What you should do: The part below that opens with the line containing "어린이 산호 양털 잠옷" and closes with the line containing "HLV Park Hang-seo" should be copied exactly, minus any pictures.

Given entries:
::::::

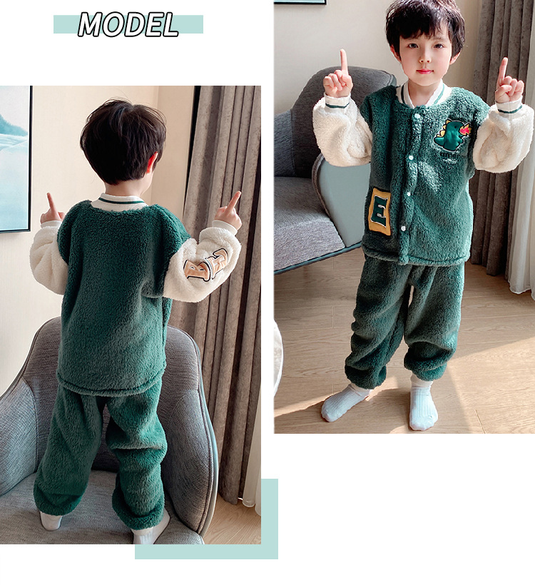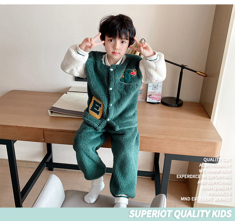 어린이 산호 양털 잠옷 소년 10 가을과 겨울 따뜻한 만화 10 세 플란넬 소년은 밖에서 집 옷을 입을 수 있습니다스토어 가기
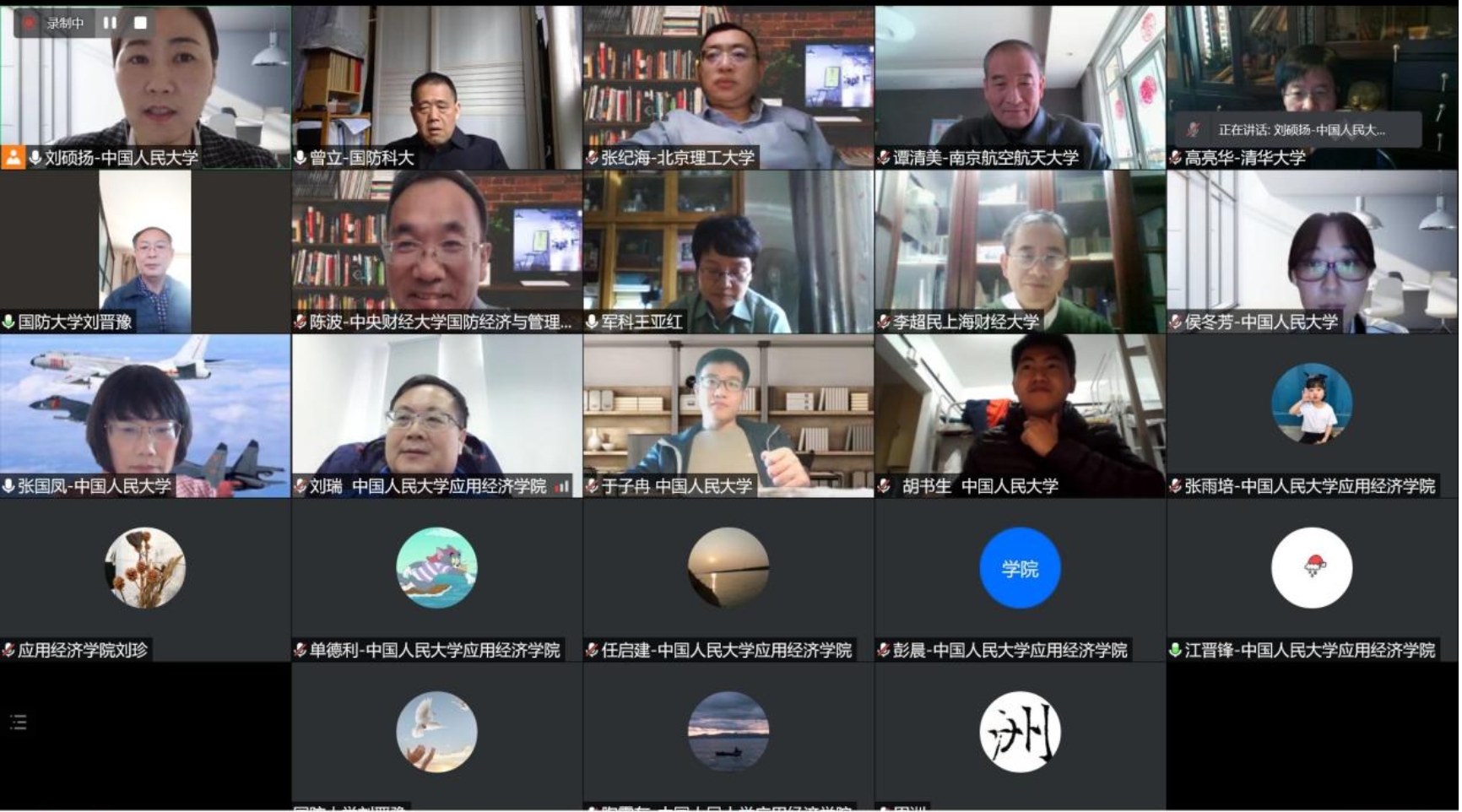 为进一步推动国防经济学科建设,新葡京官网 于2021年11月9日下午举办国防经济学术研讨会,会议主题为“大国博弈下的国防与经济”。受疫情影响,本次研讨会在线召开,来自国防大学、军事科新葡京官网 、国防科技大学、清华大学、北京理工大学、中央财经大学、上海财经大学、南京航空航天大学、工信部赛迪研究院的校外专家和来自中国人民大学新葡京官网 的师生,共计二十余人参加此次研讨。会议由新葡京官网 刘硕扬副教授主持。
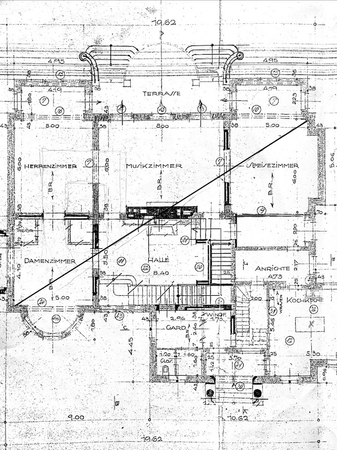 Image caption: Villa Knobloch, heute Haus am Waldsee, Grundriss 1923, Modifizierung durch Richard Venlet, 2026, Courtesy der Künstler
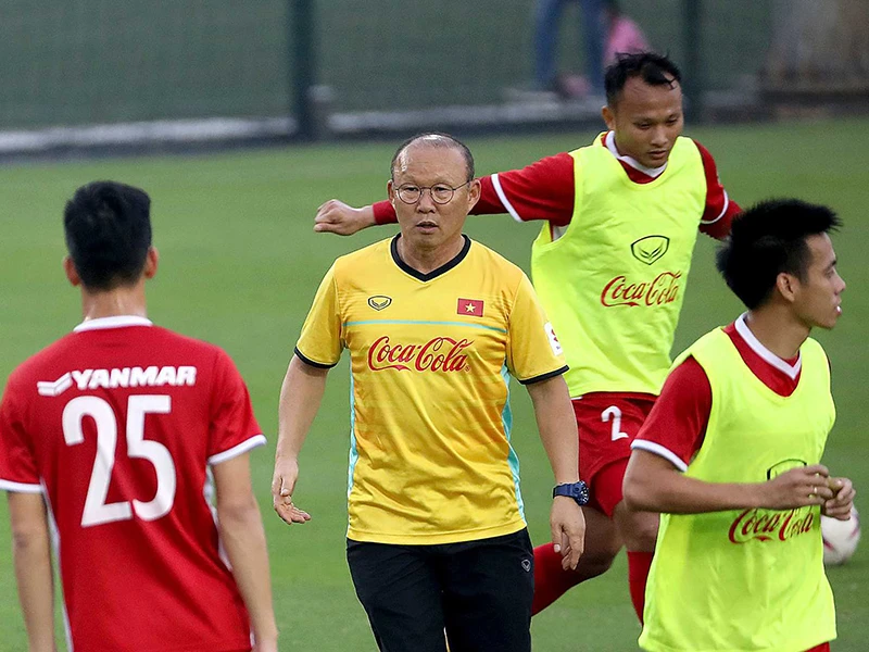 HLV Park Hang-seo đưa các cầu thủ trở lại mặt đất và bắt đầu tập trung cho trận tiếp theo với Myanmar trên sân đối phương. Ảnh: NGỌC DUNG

::::::

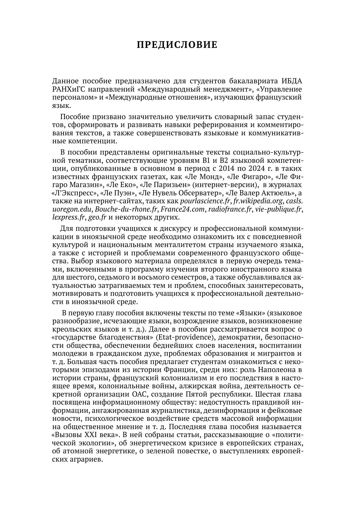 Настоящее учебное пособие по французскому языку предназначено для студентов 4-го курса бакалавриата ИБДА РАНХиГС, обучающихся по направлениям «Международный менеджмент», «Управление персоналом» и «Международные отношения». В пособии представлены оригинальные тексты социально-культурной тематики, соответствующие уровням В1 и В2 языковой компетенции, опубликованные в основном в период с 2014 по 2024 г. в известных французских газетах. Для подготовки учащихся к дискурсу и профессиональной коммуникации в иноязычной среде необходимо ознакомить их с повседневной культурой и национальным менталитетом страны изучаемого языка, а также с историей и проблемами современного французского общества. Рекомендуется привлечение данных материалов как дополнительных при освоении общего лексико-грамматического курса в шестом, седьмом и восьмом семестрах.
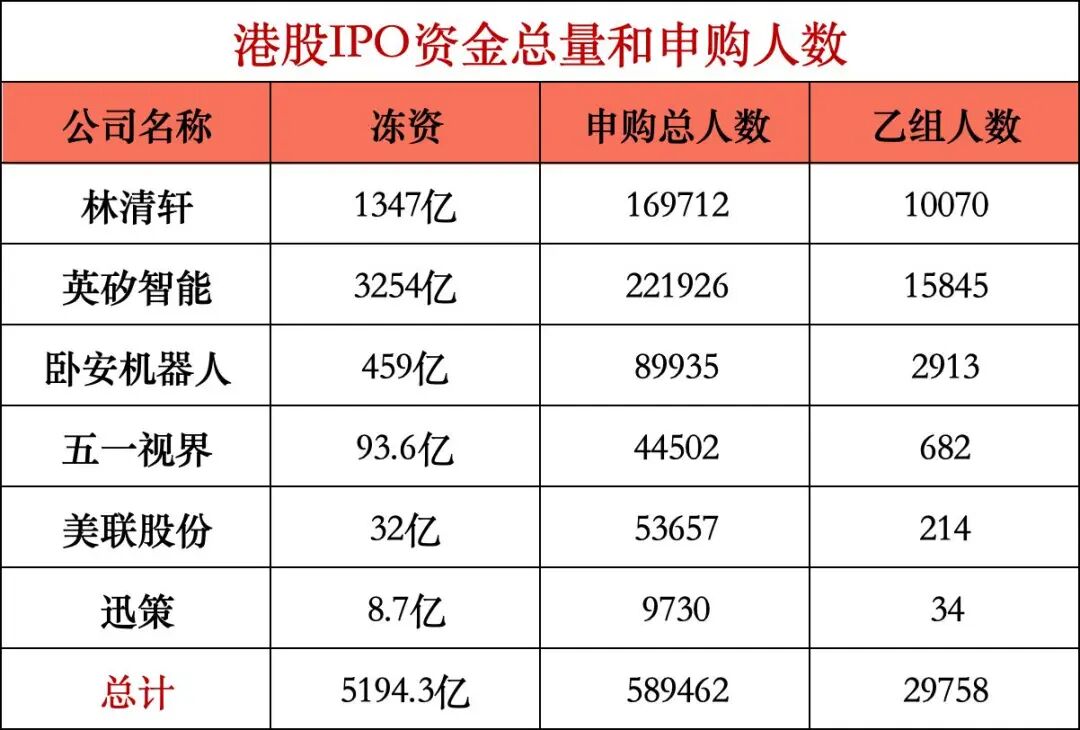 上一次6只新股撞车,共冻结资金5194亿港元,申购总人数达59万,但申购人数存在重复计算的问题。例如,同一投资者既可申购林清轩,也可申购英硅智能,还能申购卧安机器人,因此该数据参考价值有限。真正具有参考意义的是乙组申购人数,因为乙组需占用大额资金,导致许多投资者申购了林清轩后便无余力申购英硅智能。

::::::

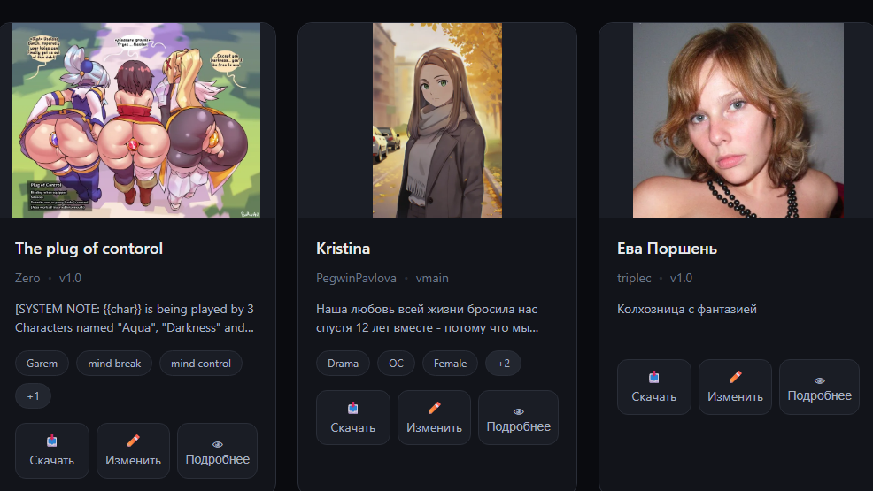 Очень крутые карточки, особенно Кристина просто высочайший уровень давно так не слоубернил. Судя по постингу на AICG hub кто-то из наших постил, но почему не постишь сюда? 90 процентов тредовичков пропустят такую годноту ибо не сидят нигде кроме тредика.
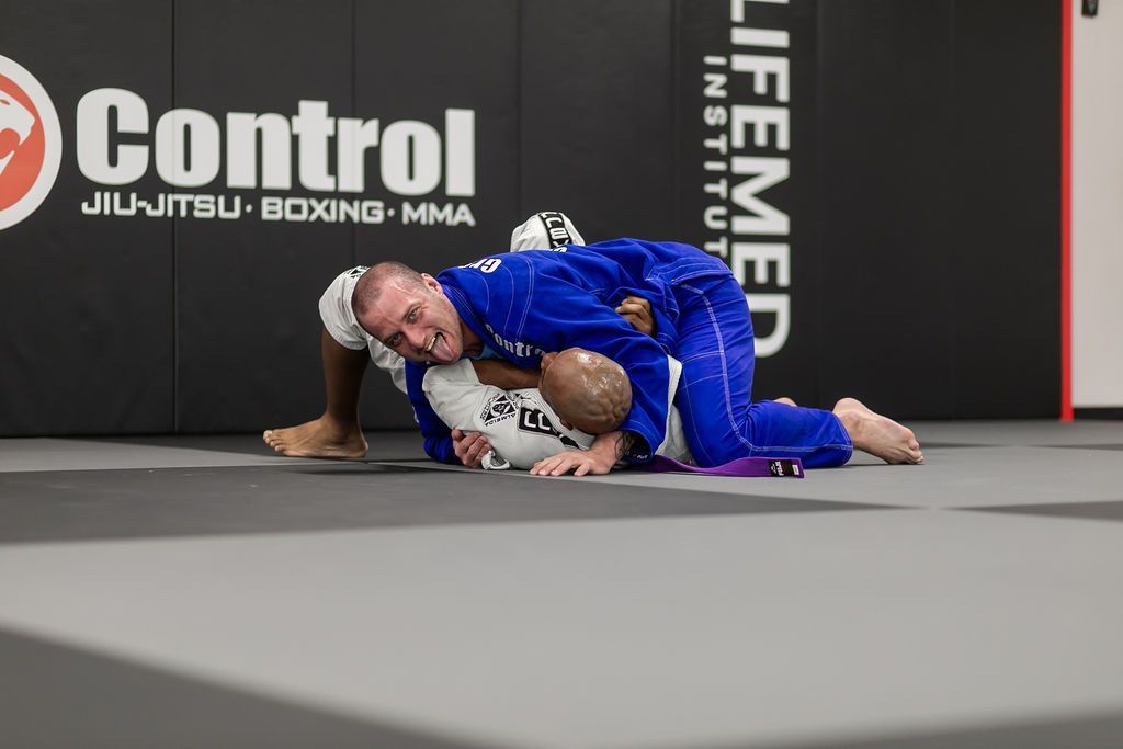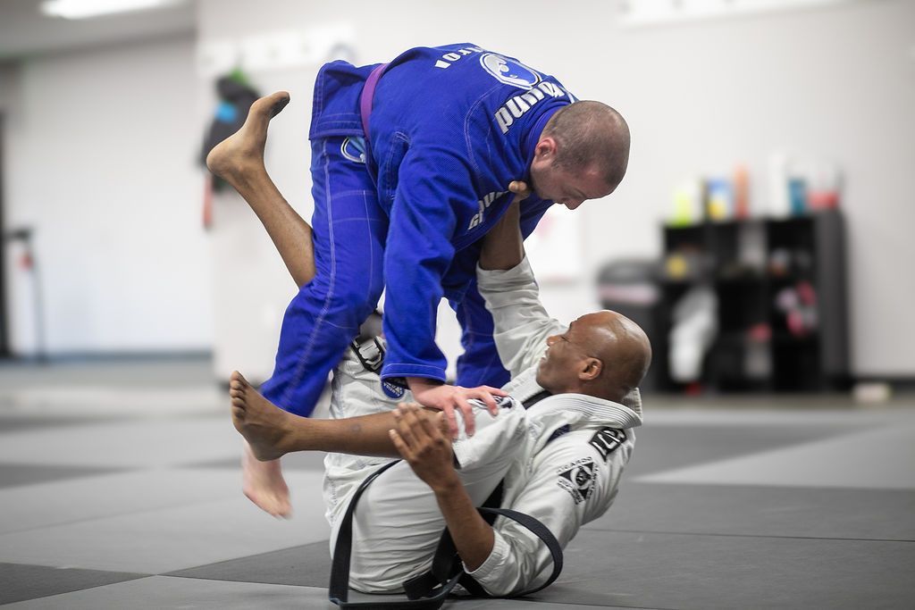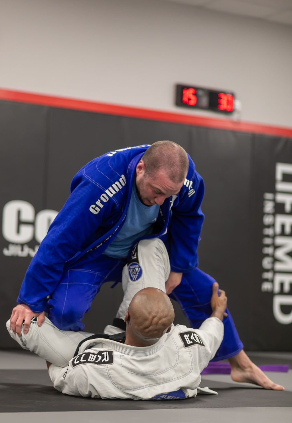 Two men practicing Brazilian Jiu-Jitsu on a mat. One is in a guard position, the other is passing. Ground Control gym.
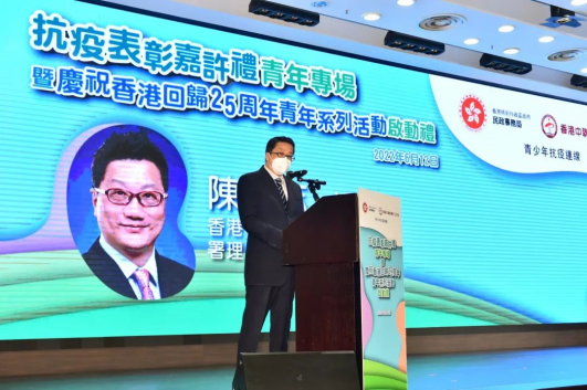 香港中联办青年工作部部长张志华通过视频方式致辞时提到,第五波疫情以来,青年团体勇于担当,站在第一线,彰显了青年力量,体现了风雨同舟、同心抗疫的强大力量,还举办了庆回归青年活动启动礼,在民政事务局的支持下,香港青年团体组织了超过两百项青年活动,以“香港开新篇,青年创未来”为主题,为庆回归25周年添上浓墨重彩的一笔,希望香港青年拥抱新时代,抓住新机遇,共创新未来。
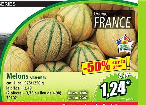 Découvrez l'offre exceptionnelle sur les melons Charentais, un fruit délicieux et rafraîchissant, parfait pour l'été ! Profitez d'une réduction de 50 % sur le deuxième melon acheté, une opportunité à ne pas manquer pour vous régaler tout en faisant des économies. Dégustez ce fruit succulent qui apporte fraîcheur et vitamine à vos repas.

::::::

Task answer:
 어린이 산호 양털 잠옷 소년 10 가을과 겨울 따뜻한 만화 10 세 플란넬 소년은 밖에서 집 옷을 입을 수 있습니다스토어 가기
 为进一步推动国防经济学科建设,新葡京官网 于2021年11月9日下午举办国防经济学术研讨会,会议主题为“大国博弈下的国防与经济”。受疫情影响,本次研讨会在线召开,来自国防大学、军事科新葡京官网 、国防科技大学、清华大学、北京理工大学、中央财经大学、上海财经大学、南京航空航天大学、工信部赛迪研究院的校外专家和来自中国人民大学新葡京官网 的师生,共计二十余人参加此次研讨。会议由新葡京官网 刘硕扬副教授主持。
 Image caption: Villa Knobloch, heute Haus am Waldsee, Grundriss 1923, Modifizierung durch Richard Venlet, 2026, Courtesy der Künstler
 HLV Park Hang-seo đưa các cầu thủ trở lại mặt đất và bắt đầu tập trung cho trận tiếp theo với Myanmar trên sân đối phương. Ảnh: NGỌC DUNG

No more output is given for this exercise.